A wide variety of orthotic devices are known for use in correcting body problems or supporting body structures such as broken or displaced bones, strained or stretched tendons and ligaments or post-surgical repair.
Most orthotic devices which are custom-made of thermoplastic polymeric materials use flat sheets as starting materials. The flat sheets are heated and softened, draped over molds, cooled and hardened, thus forming a finished part. The molds used are generally made from plaster and this requires the taking of plaster impressions from the body part such as an arm or foot region with later formation of a positive mold made from the plaster negative mold.
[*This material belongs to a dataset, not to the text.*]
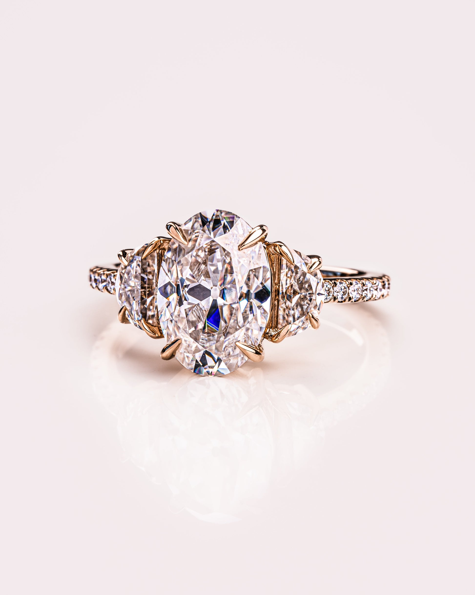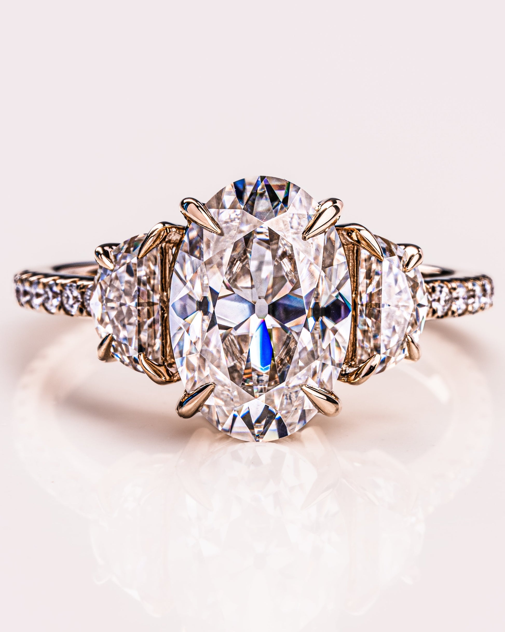 2.3 CT Oval Three Stone Pave Moissanite Engagement Ring

In some cases, the draping process can be assisted by vacuum forming, pressure forming or other common molding techniques. These products, whether or not formed directly around the body, have a disadvantage in that they produce oversized parts which must be cut to size and then finished, usually in hand operations. The cutting and finishing times can be lengthy and time-consuming.
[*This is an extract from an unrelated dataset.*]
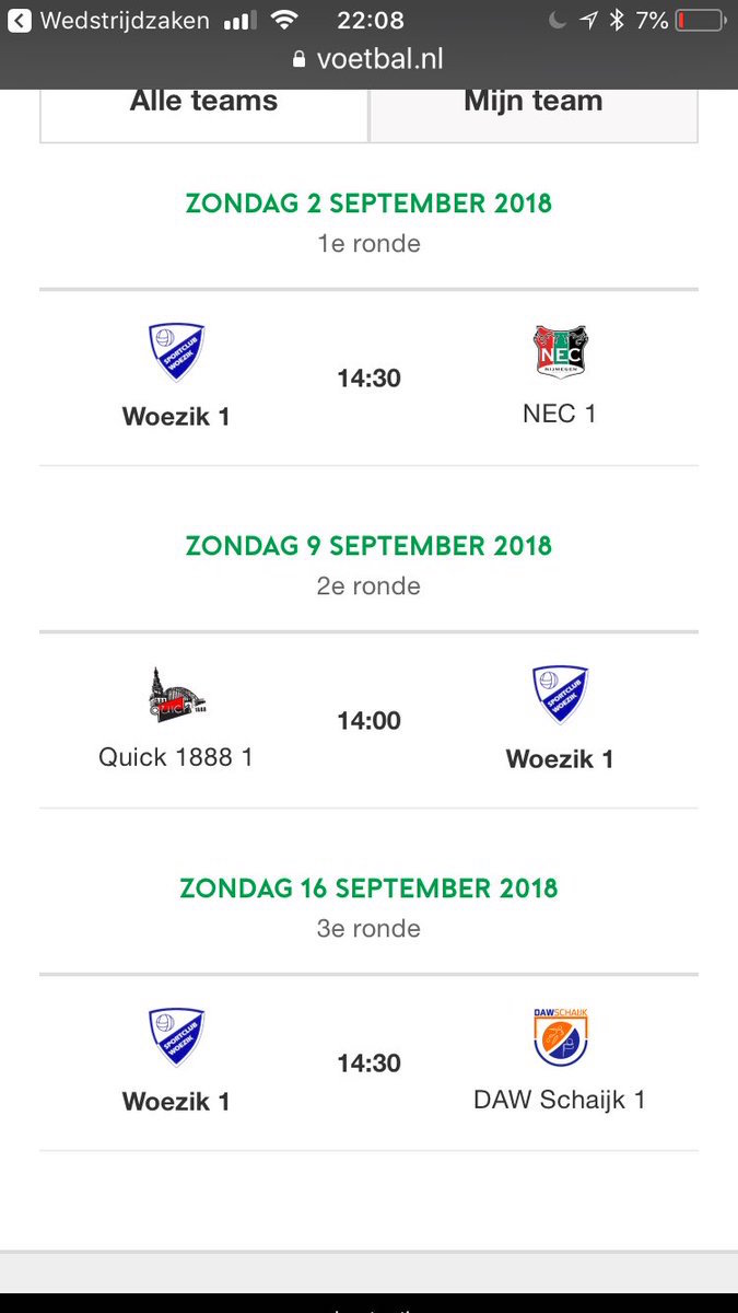 Voetbal: schema bekerwedstrijden van sc Woezik bekend

Conventional plastics used where molds are draped, generally have too high a temperature when moldable to be applied directly to the body and formed.
More recently, in another method of making orthotic devices, low temperature polymeric materials or plastics are used. These plastic materials become malleable at a relatively low temperature as, for example, between 150.degree.-160.degree. F. and can be applied directly to the body so as to obtain the correct body shape while molding. In some cases, flat sheets of such low temperature plastic materials can be pre-cut to reduce the amount of preliminary preparation and secondary finishing.
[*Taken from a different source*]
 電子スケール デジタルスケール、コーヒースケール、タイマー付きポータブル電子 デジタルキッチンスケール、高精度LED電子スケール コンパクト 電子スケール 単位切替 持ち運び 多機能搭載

When complex shapes are made or the amount of forming is large, there is some difficulty. In some cases, the low temperature plastics tend to be thinned in critical areas and in an uncontrolled way. This can weaken and reduce the rigidity of the orthosis in an undesirable way.
Plastics formed by conventional techniques from sheet material also have the tendency to revert to their original shape as, for example, the flat sheet from which they are made. Sometimes a formed orthotic must be reheated and modified. Reversion to the original flat sheet often prohibits such a modification, especially if the original orthotic was trimmed. Such reversion is generally due to the processing characteristics of the plastic. For example, in sheet formation, some stretching and orientation may occur in manufacture and in some cases, if the sheet is anisotropic and subsequently cross-linked, there is a tendency to bring the material back to sheet form under certain conditions of use. Such conditions of use are usually those conditions that exceed normal general use but are present on extremely hot days. Also, should a complete, shaped orthotic be reheated for subsequent modification, it returns to its original flat shape.